Отца все так же нет, старый ебаный синяк, и я решаюсь открыть пакет.
Сверху карточка. На ней написано:
Марк,
прости, друг. Тогда я не думал, что это будет значить так много для твоих родителей.
С любовью,
Дэнни ( aka «Спад»), целую
Карточка лежит на джинсах «Levi’s» 501-х. Постиранных и сложенных. Моя первая мысль «что за нахуй», а потом я все понимаю. Реклама Ника Камена. Билли собирается, надевает их, крутой жеребец, который любит себя и собирается выебать Шэрон или другую маленькую пташку. Пока я, вынужденный девственник, лежу на кровати, читаю NME, думая о девочках из школы, и полыхает мое желание сорвать свою вишенку из хорошего сада. Там, где грузовые поезда не ходили годами. Позволяю ядовитому уебку уйти, чтобы я смог погонять лысого на Сьюзи Сью и Дебби Харри в любезно предоставленных IPC журналах.
Потом моя ма влетает в мою комнату за одеждой для сушки, с потекшей от слез тушью, как у Элиса Купера, впервые заговорившей со смерти Билли, кричащей, насколько я помню, о том, что они забрали все, даже забрали джинсы ее малыша...
А они все это время были у Спада. Не смог их даже продать или отдать. Слишком было стыдно возвращать их мне, сентиментальный ворующий цыганский уебок. Я могу представить его: сидит, дрожащий от отходняков, на задней скамейке в церкви Святой Мэри, смотрит на мою ма, ставящую еще одну свечку за Билли, и, наверное, слышит, как она сказала: почему они забрали его одежду, его джинсы?..

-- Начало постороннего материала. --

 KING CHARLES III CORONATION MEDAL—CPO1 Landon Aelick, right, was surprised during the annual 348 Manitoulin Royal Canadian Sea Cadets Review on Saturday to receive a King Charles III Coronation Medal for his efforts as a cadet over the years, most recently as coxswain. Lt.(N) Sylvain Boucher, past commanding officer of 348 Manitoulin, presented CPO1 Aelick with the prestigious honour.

Билли всегда был тридцать четвертого, я — тридцать второго. Интересно, налезут ли на меня. Кто знает загадки разума Мерфи, размышляю я. Не могу рассказать Эли об этом, по крайней мере, не сейчас. Это отец ее сына.

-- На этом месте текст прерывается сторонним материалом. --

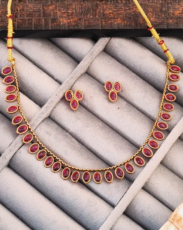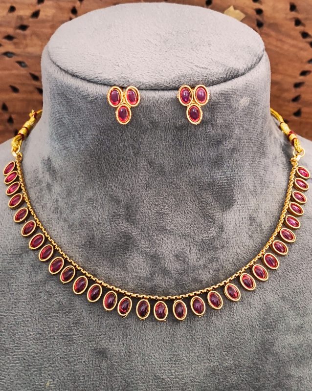 Traditional Gold-Plated Necklace Set with Ruby Red Stones, Oval Design, Matching Earrings

Под джинсами пакет. Я открываю его. Толстый напечатанный манускрипт с заметками, написанными от руки. Поразительно, но написано в стиле моих старых нарк-дневников, те, с которыми я всегда собирался что-то сделать. Шотландским сленгом, к которому сложно привыкнуть. Но через несколько страниц я все прекрасно понимаю. Ебать, очень даже прекрасно. Лежу на подушке и думаю о Спаде. Слышу, как вернулся мой отец, прячу толстый манускрипт под кровать, выхожу поприветствовать его.
Мы ставим чайник и говорим о Спаде, но я не упоминаю о джинсах Билли. Когда он идет спать, понимаю, что не могу уснуть и мне нужно еще выговориться, поделиться всеми этими мрачными новостями. Я не могу говорить с Больным. Жалкая ситуация, но я просто не могу. Почему-то единственный человек, о котором думаю, это Франко, но не то, чтобы его все это ебало. Я отправляю ему сообщение:
Нет лучшего способа это сообщить, но Спад умер этим утром. Его сердце не выдержало.
Уебок отвечает моментально:
Плохо
И это предел его волнения. Первоклассное уебище. Я разъярен и пишу Эли об этом.
Милосердный ответ приходит моментально:
Просто он такой. Иди спать. Спокойной ночи. Целую
Солнце упорно светит в безоблачном небе, будто предлагая потенциальному нарушителю план приплытия из Северного моря или Атлантики для честной предупреждающей борьбы. Лето превосходит все ожидания, но теперь есть признаки реального сопротивления. Старый порт Лита из-за жары растянулся вокруг двора церкви Святой Мэри, от ветхого торгового центра Киркгейт, построенного в 70-х, с пристроенными сбоку квартирами, до граничащей с пристанью улицы Конститьюшн.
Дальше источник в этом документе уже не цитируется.